Task prompt: Images are to be dropped, and the rest of the data reproduced exactly.

Dataset:
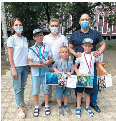
Победители награждены дипломами и подарками

– Этим летом профсоюзная организация сделала акцент на спортивные и культурно-массовые мероприятия среди детей работников. Приятно то, что среди них оказалось так много любителей интеллектуальной игры шахматы. За время шахматных баталий, а самые сильные участники сыграли по 9-11 партий, маленьким шахматистам приходилось анализировать ситуацию на доске, просчитывать возможные ответные ходы соперников. На расстоянии, но очень эмоционально за ребят болели их родители, младшие братья и сестры. Конечно, пришлось проводить соревнования в условиях новой реальности, с соблюдением всех мер профилактики и защиты от COVID-19, но от этого событие не стало менее увлекательным.
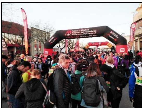
Sortida de la Caminada

També direm que, enguany, a més de corre la X edició de la cursa, ha tingut lloc el Campionat de Catalunya per Entitats i que estem molt satisfets perquè el nostre CE l'Areny ha estat segon en aquesta cursa del passat diumenge 18 de febrer. També direm que la cursa de Trail (21 km) tingué la sortida a la veïna localitat del Prat (Pratdip, oficialment) i que fou molt ben acollida per la seva població. No cada dia, al Prat, hi ha una invasió d'atletes per participar en una esplèndida cursa atlètica com aquesta.
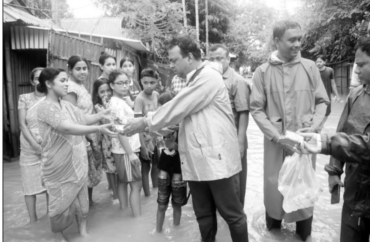
আগরতলা পুর নিগমের কর্পোরটর অতিথি মল্লিক বন্যায় বিধ্বস্ত পরিবারের হাতে ত্রাণ সামগ্রী তুলে দিচ্ছেন।

খারিজ করে দেওয়ার চেষ্টা করেন।” প্রসঙ্গত, এদিন ই এম বাইপাস সংলগ্ন আনন্দপুরের নোনাডাঙায় জনবহুল এলাকায় রাস্তার পাশ থেকে উদ্ধার হয়ে এক যুবতীর ক্ষতবিক্ষত দেহ। এলাকারই এক বাসিন্দা দাবি করেছেন, ভোর পাঁচটা নাগাদ ওই জায়গা দিয়ে যাওয়ার সময় তিনি কোনও দেহ দেখতে পাননি। সম্ভবত তার পরেই দেহ ফেলে যাওয়া হয়।
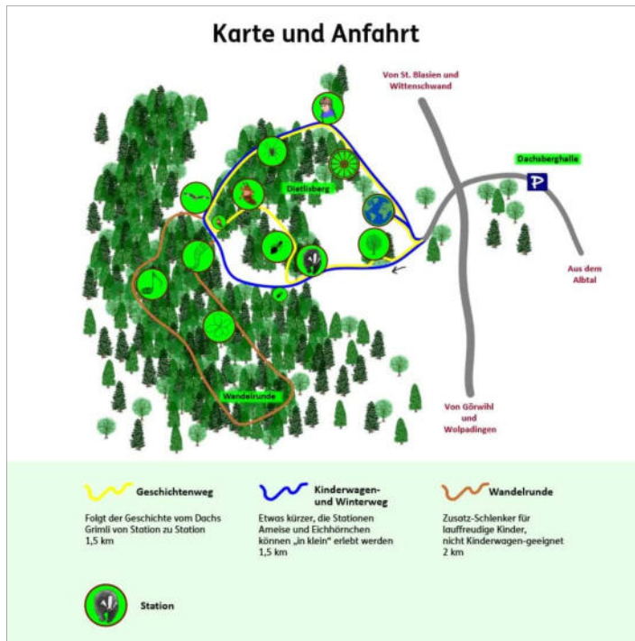
Dachs-Erlebnispfad im Schwarzwald

Result of this exercise:
Победители награждены дипломами и подарками

– Этим летом профсоюзная организация сделала акцент на спортивные и культурно-массовые мероприятия среди детей работников. Приятно то, что среди них оказалось так много любителей интеллектуальной игры шахматы. За время шахматных баталий, а самые сильные участники сыграли по 9-11 партий, маленьким шахматистам приходилось анализировать ситуацию на доске, просчитывать возможные ответные ходы соперников. На расстоянии, но очень эмоционально за ребят болели их родители, младшие братья и сестры. Конечно, пришлось проводить соревнования в условиях новой реальности, с соблюдением всех мер профилактики и защиты от COVID-19, но от этого событие не стало менее увлекательным.
Sortida de la Caminada

També direm que, enguany, a més de corre la X edició de la cursa, ha tingut lloc el Campionat de Catalunya per Entitats i que estem molt satisfets perquè el nostre CE l'Areny ha estat segon en aquesta cursa del passat diumenge 18 de febrer. També direm que la cursa de Trail (21 km) tingué la sortida a la veïna localitat del Prat (Pratdip, oficialment) i que fou molt ben acollida per la seva població. No cada dia, al Prat, hi ha una invasió d'atletes per participar en una esplèndida cursa atlètica com aquesta.
আগরতলা পুর নিগমের কর্পোরটর অতিথি মল্লিক বন্যায় বিধ্বস্ত পরিবারের হাতে ত্রাণ সামগ্রী তুলে দিচ্ছেন।

খারিজ করে দেওয়ার চেষ্টা করেন।” প্রসঙ্গত, এদিন ই এম বাইপাস সংলগ্ন আনন্দপুরের নোনাডাঙায় জনবহুল এলাকায় রাস্তার পাশ থেকে উদ্ধার হয়ে এক যুবতীর ক্ষতবিক্ষত দেহ। এলাকারই এক বাসিন্দা দাবি করেছেন, ভোর পাঁচটা নাগাদ ওই জায়গা দিয়ে যাওয়ার সময় তিনি কোনও দেহ দেখতে পাননি। সম্ভবত তার পরেই দেহ ফেলে যাওয়া হয়।
Dachs-Erlebnispfad im Schwarzwald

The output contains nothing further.